To read more of Tangled Web, find the book on www.bookstrand.com/julie-eberhart-painter/, www.omnilit.com, or at www.champagnebooks.com. Julie’s website will take you there: www.books-jepainter.com
Julie Eberhart Painter
Thursday, January 26, 2012
An interview by Princess Annie ~ Angelica's cat!
Did you always want to become a writer?
A: Was born with a story in my mouth.
Z: Yup, her first words were gagagoba dada... which means... Once upon a diaper change.
What is the most, and the least interesting fact about writing?
Z: Most interesting... although we work in seclusion we're actually on a stage, displaying for the world the strange workings of our minds in the form of stories... all for the sake of entertainment
A: Less interesting... Zi makes great coffee
Z: Ang that has nothing to do with writing.

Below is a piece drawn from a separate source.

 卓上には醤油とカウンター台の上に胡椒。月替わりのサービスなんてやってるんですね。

A: Sure it does... fuels my thoughts... energizes my body... puts me in a good mood
Z: You usually drink tea.
A: Well, there is that.
How did you celebrate your first release? Do you have a special ritual for celebrating a book release?

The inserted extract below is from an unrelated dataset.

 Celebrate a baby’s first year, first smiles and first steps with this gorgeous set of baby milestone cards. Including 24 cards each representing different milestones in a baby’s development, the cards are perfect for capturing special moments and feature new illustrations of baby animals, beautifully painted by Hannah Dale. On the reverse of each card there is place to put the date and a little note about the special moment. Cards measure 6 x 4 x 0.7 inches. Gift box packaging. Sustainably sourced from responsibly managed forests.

A: I sent smile-face e-mails to all my closest friends and family, engaging them to atta-girl me, and they do.
Z: The question asked about ritual.
A: It did?
Z: Yup! Ok, here's my ritual. My neighbor has this immense weeping willow tree, and after a book release, I wait for the blackness night in the heaviest rain, strip naked and run helter-skelter through the drooping branches screaming, "Look what I did... Look what I did... Look what I did..." Then I dress and act as if it never happened.
A: (Making a note to avoid the office when it is a heavy rain and the middle of the night)
If you could meet any paranormal creature, who would it be and why?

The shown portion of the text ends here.